* **TASK GOAL**: Below are records with pictures; copy word for word only the lines between the line with "Коли це сталося, над" and the line with "The Spring Hill", inclusive, and drop the pictures.
.....
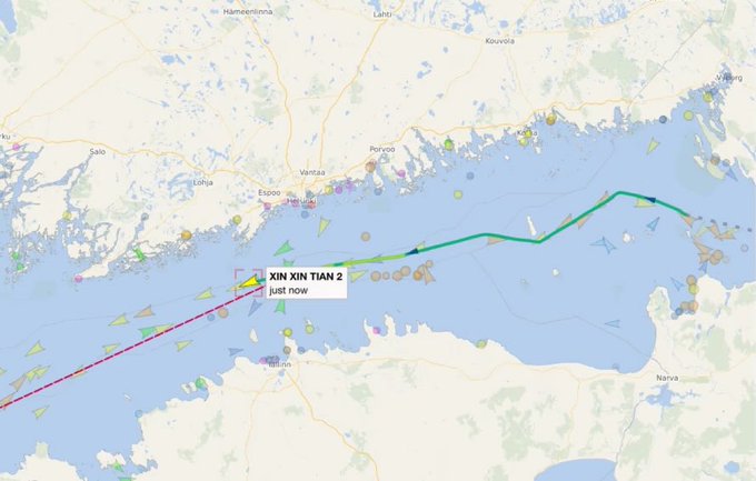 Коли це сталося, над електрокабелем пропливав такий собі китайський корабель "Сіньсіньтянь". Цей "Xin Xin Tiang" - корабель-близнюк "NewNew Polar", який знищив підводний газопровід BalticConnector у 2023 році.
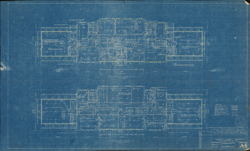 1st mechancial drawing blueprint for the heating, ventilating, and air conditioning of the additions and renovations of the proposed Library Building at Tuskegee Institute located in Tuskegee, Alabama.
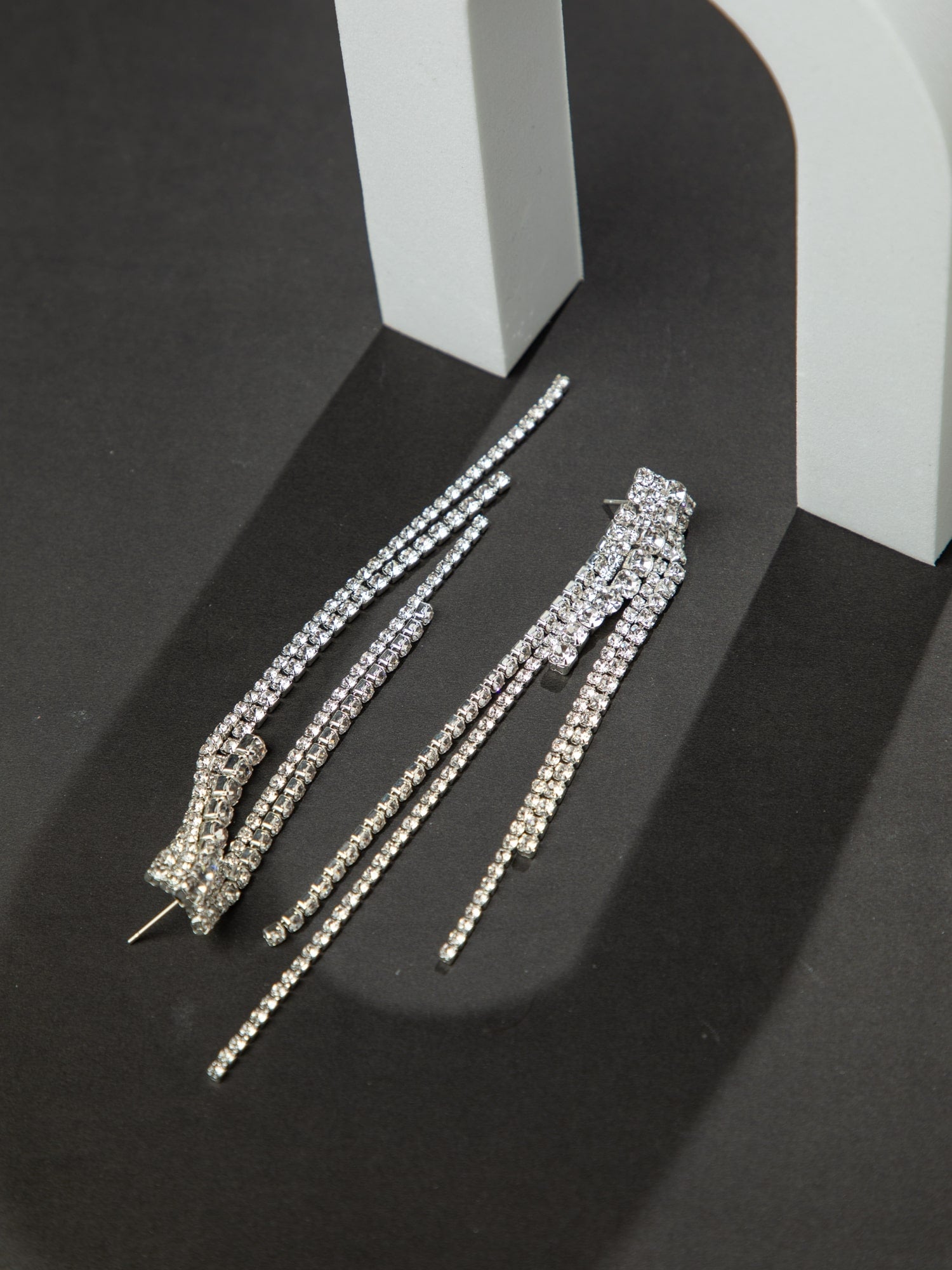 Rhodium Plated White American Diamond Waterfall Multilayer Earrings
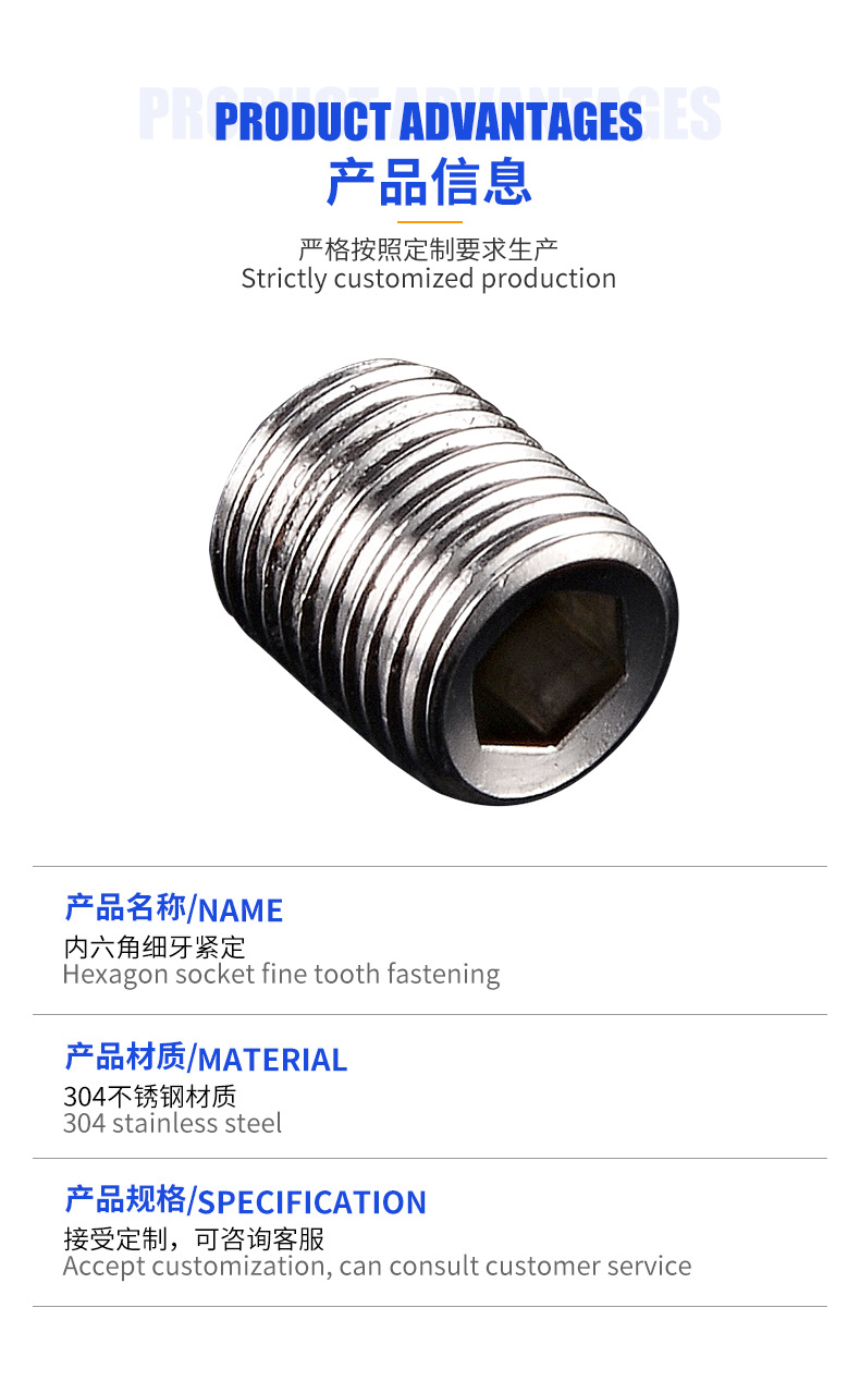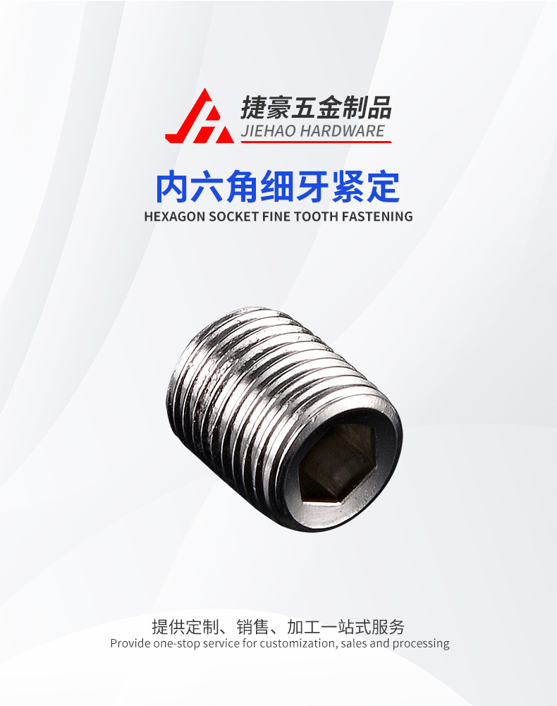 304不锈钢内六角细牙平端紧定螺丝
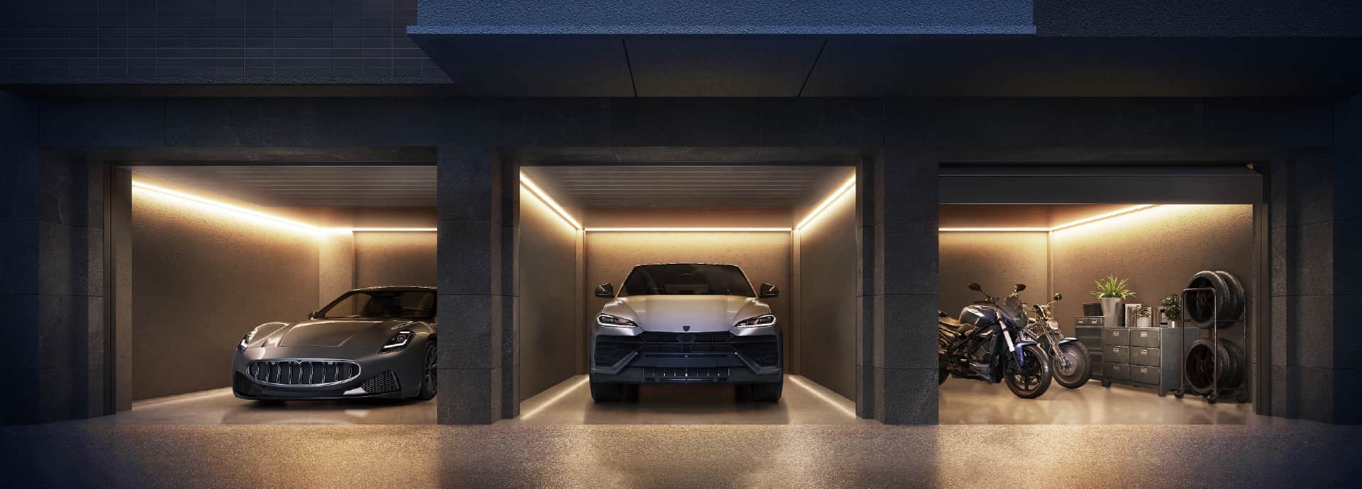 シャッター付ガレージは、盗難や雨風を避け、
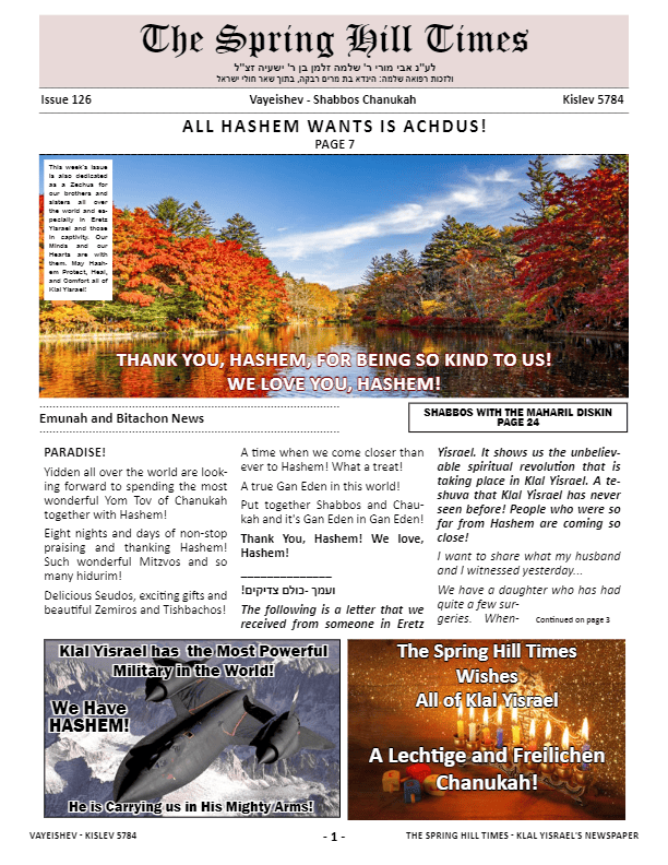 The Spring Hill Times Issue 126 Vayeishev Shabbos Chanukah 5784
.....
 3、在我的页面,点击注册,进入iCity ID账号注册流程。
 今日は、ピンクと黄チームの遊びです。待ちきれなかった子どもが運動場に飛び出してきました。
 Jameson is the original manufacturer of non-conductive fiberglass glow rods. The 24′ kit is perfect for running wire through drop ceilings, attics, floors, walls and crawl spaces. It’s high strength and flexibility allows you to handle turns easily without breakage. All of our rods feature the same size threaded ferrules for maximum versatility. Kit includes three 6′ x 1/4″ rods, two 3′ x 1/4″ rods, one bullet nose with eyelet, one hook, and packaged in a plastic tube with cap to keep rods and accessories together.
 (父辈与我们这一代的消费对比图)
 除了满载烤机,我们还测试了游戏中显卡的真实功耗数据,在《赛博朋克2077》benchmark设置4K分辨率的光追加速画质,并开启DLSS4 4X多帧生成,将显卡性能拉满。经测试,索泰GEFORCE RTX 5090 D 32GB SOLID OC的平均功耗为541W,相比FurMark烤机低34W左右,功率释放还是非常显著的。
.....
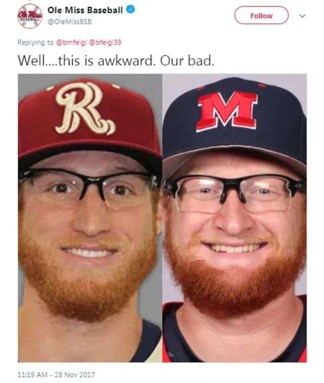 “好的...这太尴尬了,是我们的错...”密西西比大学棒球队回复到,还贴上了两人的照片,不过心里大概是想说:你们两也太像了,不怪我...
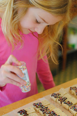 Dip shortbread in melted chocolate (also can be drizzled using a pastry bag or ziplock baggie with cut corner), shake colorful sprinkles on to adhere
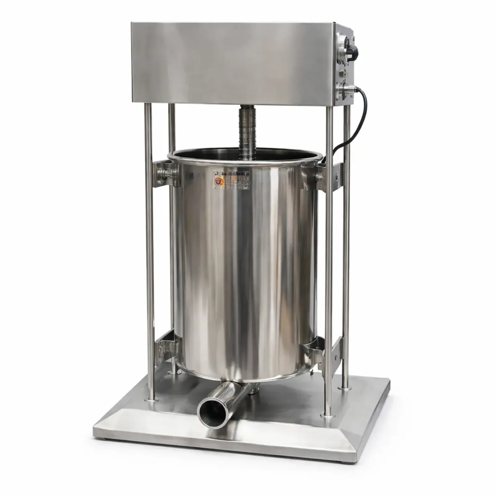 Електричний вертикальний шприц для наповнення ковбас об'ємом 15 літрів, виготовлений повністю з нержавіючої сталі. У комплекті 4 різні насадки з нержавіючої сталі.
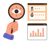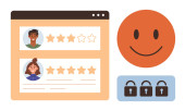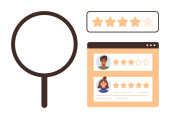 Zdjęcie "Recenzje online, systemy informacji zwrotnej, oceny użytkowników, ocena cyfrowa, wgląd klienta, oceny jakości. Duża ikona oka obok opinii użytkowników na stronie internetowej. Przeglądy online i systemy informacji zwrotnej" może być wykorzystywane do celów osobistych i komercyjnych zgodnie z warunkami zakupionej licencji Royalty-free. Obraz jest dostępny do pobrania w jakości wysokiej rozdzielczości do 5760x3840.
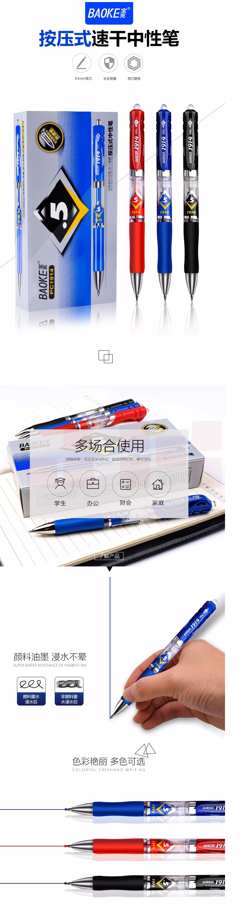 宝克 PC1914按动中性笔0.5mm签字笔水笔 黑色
.....
* **EXERCISE RESULT**:
 Коли це сталося, над електрокабелем пропливав такий собі китайський корабель "Сіньсіньтянь". Цей "Xin Xin Tiang" - корабель-близнюк "NewNew Polar", який знищив підводний газопровід BalticConnector у 2023 році.
 1st mechancial drawing blueprint for the heating, ventilating, and air conditioning of the additions and renovations of the proposed Library Building at Tuskegee Institute located in Tuskegee, Alabama.
 Rhodium Plated White American Diamond Waterfall Multilayer Earrings
 304不锈钢内六角细牙平端紧定螺丝
 シャッター付ガレージは、盗難や雨風を避け、
 The Spring Hill Times Issue 126 Vayeishev Shabbos Chanukah 5784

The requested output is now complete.